____ SUPPLIED DATA
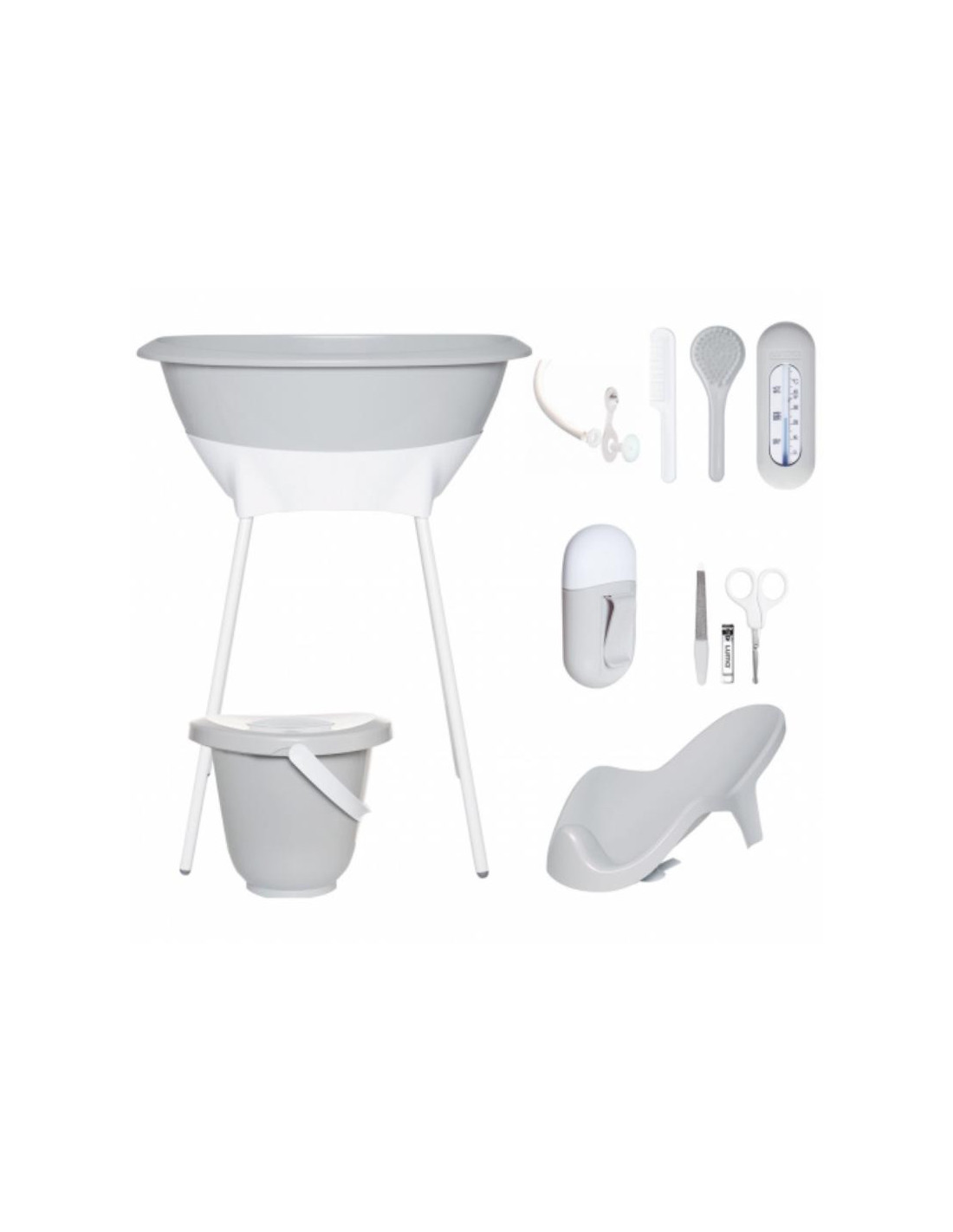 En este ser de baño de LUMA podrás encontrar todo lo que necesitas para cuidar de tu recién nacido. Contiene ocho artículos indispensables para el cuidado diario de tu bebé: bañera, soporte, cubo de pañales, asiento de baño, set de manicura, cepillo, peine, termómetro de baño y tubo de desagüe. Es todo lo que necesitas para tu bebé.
________
____ SUPPLIED DATA
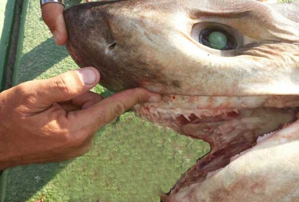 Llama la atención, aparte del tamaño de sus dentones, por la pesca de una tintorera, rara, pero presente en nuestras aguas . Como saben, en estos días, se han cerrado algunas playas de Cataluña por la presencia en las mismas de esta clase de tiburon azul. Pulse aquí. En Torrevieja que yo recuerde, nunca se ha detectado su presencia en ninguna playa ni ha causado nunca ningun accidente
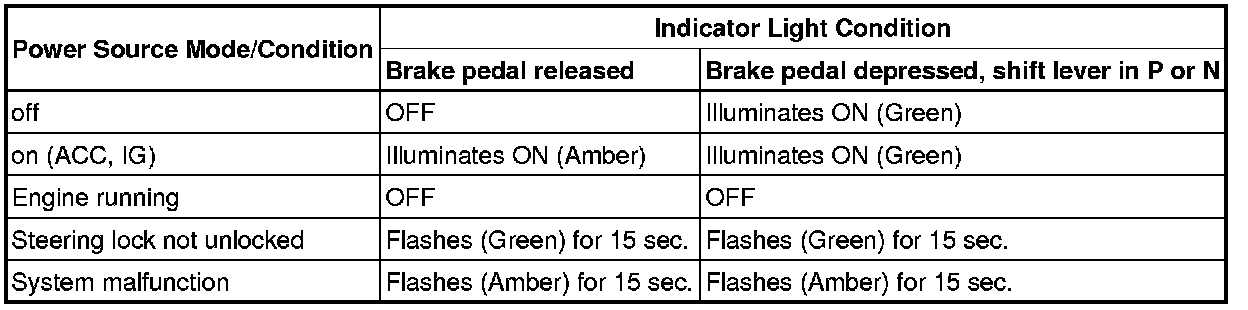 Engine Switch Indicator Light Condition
________
• _PROMPT_
Without the pictures, set down the lines above from the line with "Llama la atención, aparte" up to and including the line with "Engine Switch Indicator Light Condition" exactly as they stand.

• _EXERCISE RESULT_
 Llama la atención, aparte del tamaño de sus dentones, por la pesca de una tintorera, rara, pero presente en nuestras aguas . Como saben, en estos días, se han cerrado algunas playas de Cataluña por la presencia en las mismas de esta clase de tiburon azul. Pulse aquí. En Torrevieja que yo recuerde, nunca se ha detectado su presencia en ninguna playa ni ha causado nunca ningun accidente
 Engine Switch Indicator Light Condition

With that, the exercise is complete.